DALLAS, TX.- Before there was Disneyland, there was Walt Disney's backyard.
There, in the spring of 1950, on the five acres that sprawled across 355 Carolwood Drive in Los Angeles' Holmby Hills neighborhood, Disney debuted his first theme park, a rideable railroad in miniature, exact to the last detail. The Carolwood Pacific Railroad, it was called 2,615 feet of track upon which Disney the train conductor ran his 1/8-scale, 260-pound, coal-fueled, 7¼-inch gauge train, all pulled by the locomotive Lilly Belle, so named for Walt's wife Lillian.
"I just needed something to get myself away from things," Disney once said of his decision to create this backyard railyard, the original plans and blueprints for which serve as the extraordinary centerpiece of Heritage Auctions' The Art of the Disney Theme Park & Disney Storybook Art auction event, which takes place April 8-10.
Little wonder that Disney would choose a train as his means of escape: The son of Marceline, Missouri, he grew up enamored with the engines and boxcars that ran up and down the Atchison, Topeka, and Santa Fe line near his home. His father Elias worked for a time as a railroad machinist and carpenter laying track on the Union Pacific line from Kansas to Colorado. His uncle Mike Martin served as an engineer on the Santa Fe's accommodation train that ran between Marceline and Fort Madison, of which Walt was so proud he would brag about his uncle to schoolmates.
Disney, too, worked one summer as a news butcher on the Santa Fe line, selling newspapers, fruit, candy and other snacks and amenities to passengers.
"I felt very important wearing a neat blue serge uniform with brass buttons, a peaked cap and a shiny badge in my lapel," Disney wrote in the October 1965 issue of Railroad Magazine. "As the train rolled into one station after another I stood beside the conductor on the car steps to enjoy the envious stares of youngsters waiting on the platform."
That first-person account beneath the headline, "I Have Always Loved Trains."
Disney's backyard Carolwood Pacific, with its views of surrounding canyons, may have been miniature, but it was no less real than any life-sized counterpart. Everything about its design and construction was meticulous, from the redwood trestles and rose-garden tunnel to the centralized traffic control board installed in the red barn that served as the Carolwood Pacific's machine shop and headquarters.
"Walt's Lilly Belle was a wonderful running engine," said Ollie Johnston, one of Disney's most legendary animators and owner of his own backyard rail line. "It had a lot of power."
Emblematic of Disney's approach, the Carolwood Pacific was the result of years' worth of scrupulous research and planning by Disney and his employees Johnston, Ward Kimball and Roger Broggie, the latter the head machinist at the Walt Disney Studios in Burbank. Every inch of the Lilly Belle, the rolling stock and the rail line is detailed in reams of blueprints and renderings crafted by the colleagues and comrades the one-day Imagineers Disney called upon to help make his lifelong fantasy a backyard reality. Each page echoes Disney's creative process, with notes, additions, and on-site revisionsmany identifiable as by Disney himself and by pioneering Imagineers that would go on from this backyard construction project to turn an orange grove in Anaheim into Disneyland.
So authentic was the endeavor Disney needed Los Angeles city and county officials to sign off on his plans before construction could commence.
"I went about it systematically," Disney wrote in Railroad Magazine. "After serving an apprenticeship in a machine shop, I studied metalwork and carpentry before I figured I was ready to start building. Then I built a train to one-eighth scale. The engine and the tender combined was seven feet long and operated on coal and water, like the ones I had known as a news butcher. I fashioned all the cars myself. The boxcars were big enough for a person to straddle, and the flatcars could seat two. My special pride was the caboose, which I furnished entirely in miniature, right down to the pot-bellied stove."
Those planning documents totaling dozens of pages, many of them grand enough for display as standalone works have for seven decades remained obscured from the public's view. Some might have thought them lost altogether, fragile scrolls turned to dust by age or accident.

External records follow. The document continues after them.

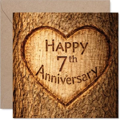Captures a heartfelt moment with a carved heart motif set against a rustic wooden background, adding warmth and sincerity to your anniversary wishes Features a textured wood-effect design with a charming heart at the centre, making it ideal for marking seven years together in style. Recyclable and printed in UK for a considerate choice Made from quality gloss single sided board with uncoated inside-no smudging when writing inside. Printed in the UK using recyclable, FSC-certified card Blank inside, giving you plenty of space for your own personal message. Comes with a matching envelope for an easy, polished finish. The 145mm Square format is convenient to display or post Crafted with care for that special milestone, this card suits anyone celebrating a 7th anniversary-ideal for couples, friends, or even colleagues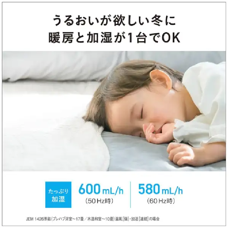 1時間に約600mL(50Hz時)の加湿量で、乾燥しやすい季節でも快適な湿度をキープ。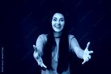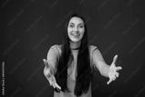 Woman With Long Black Hair Holding Out Her Hands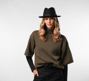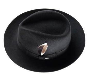 The mid-length brim, fully turned up, gives this Fedora Hat a soft and very modern line. Its sleek design gains character thanks to a natural feather subtly tucked into the grosgrain braid.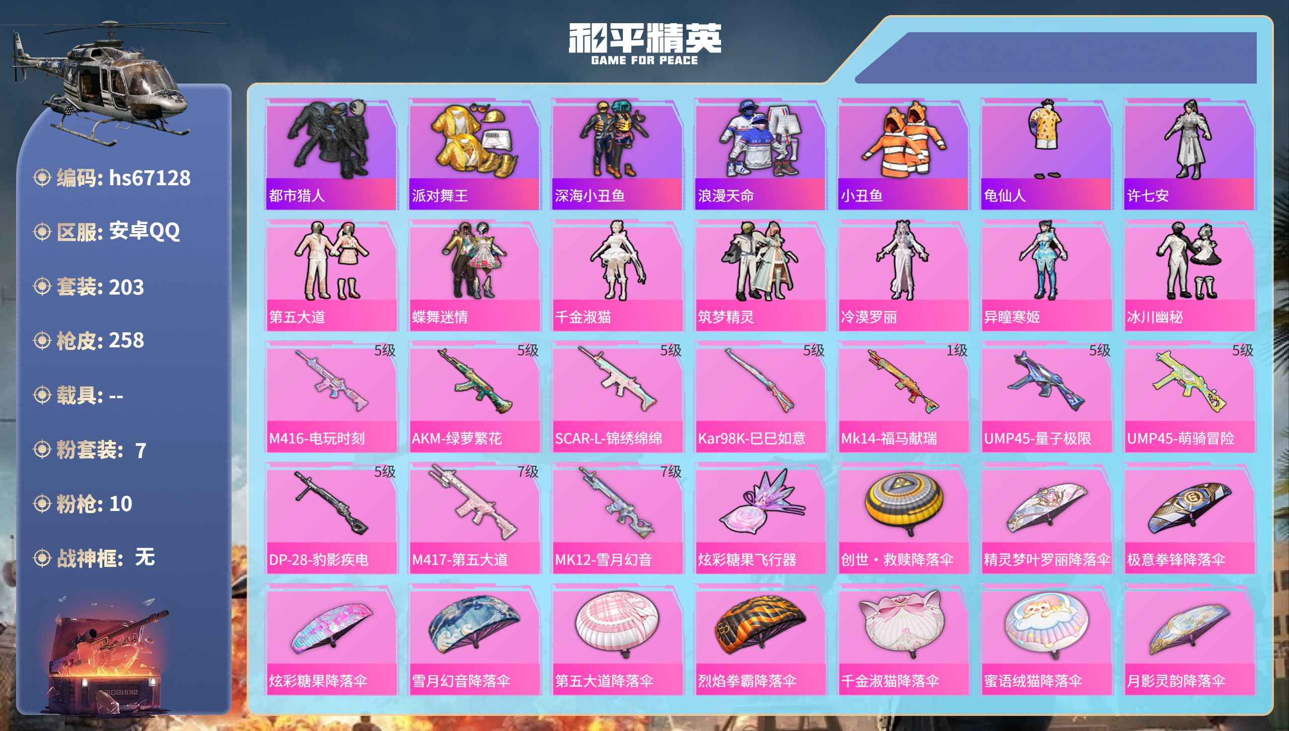 安卓 手Q-7粉装-16特效枪-0载具-2粉色飞行器-69665热力值-11王牌

Yet they survive intact, every inch and instruction behind this railway that would one day blossom into theme parks around the globe. And now, for the first time, this estimable documentation of history these blueprints, layouts and renderings of the train that led first to a magical kingdom called Disneyland have become available.
Acquired by the consignor directly from the family of Roger Broggie more than 30 years ago, this archive has never before been offered to the public. And the timing could not be better, with Disneyland's reopening scheduled for April 30.

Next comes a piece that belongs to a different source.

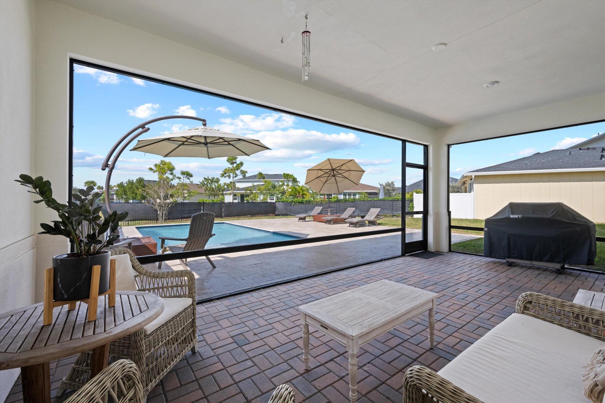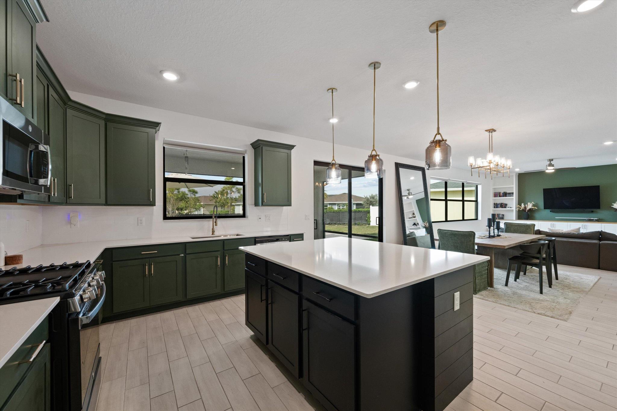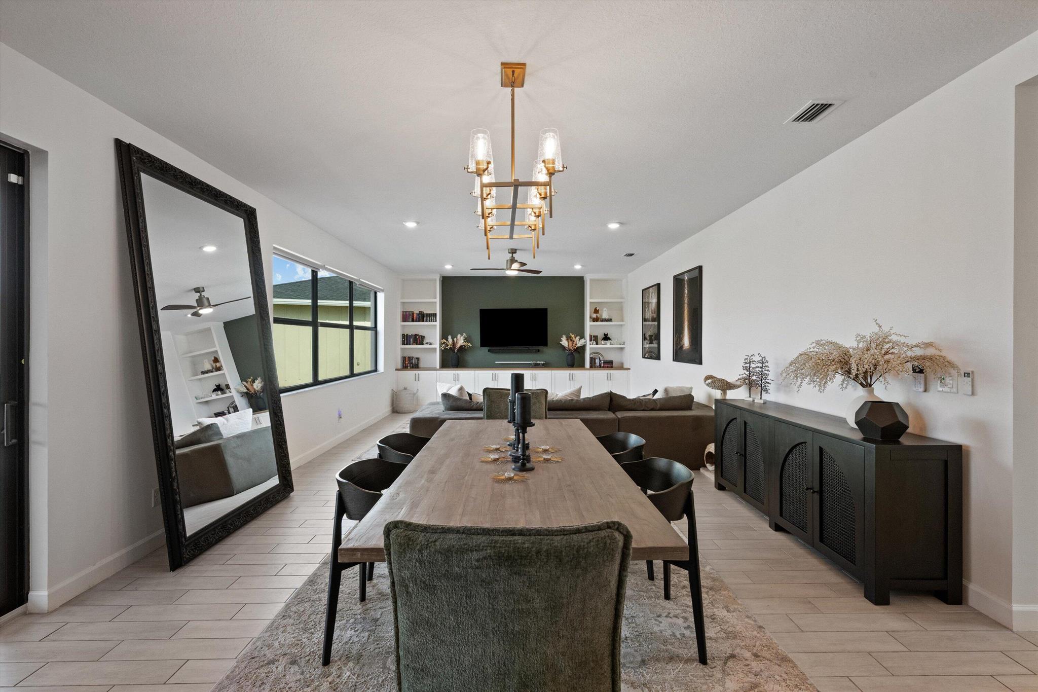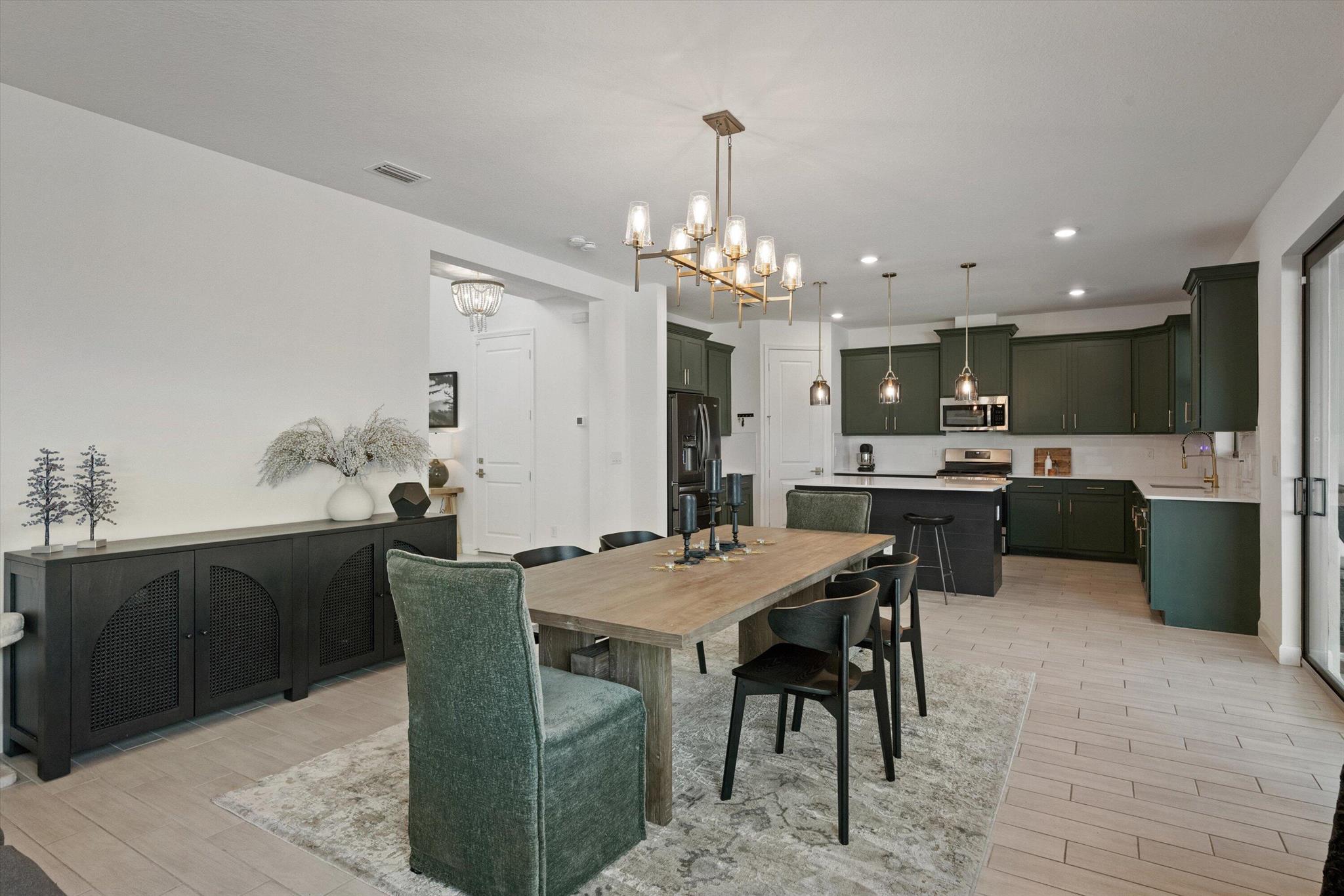Welcome to this stunning 4-bed, 3-bath Spanish-style home, featuring a highly sought-after floor plan, set on an expansive lot. On the ground floor, you'll find an inviting open-concept living, dining, and kitchen area--perfect for entertaining. A 4th bedroom and full bath, along with stylish wood-tile flooring, complete the main level. The 2nd level offers a spacious primary suite, along with 2 additional bedrooms, bath and laundry room. This home boasts an array of upgrades, including a heated pool with a generous deck for outdoor relaxation, screened in lanai, fenced yard, and a total of 3 garage bays. Additional highlights include impact windows and doors, custom built-in shelving in the living area, new vanity mirrors, light fixtures, ceiling fans

"This archive is a really special insight into something quite extraordinary," says Jim Lentz, Heritage Auctions' Director of Animation Art. "These pieces are emblematic of the crossroads that Walt created when he created Disneyland the creative energy and storytelling that comes from his God-given gift as a creator of characters mashed up with the technical knowhow to do the details right or find the people who know how to make magic happen."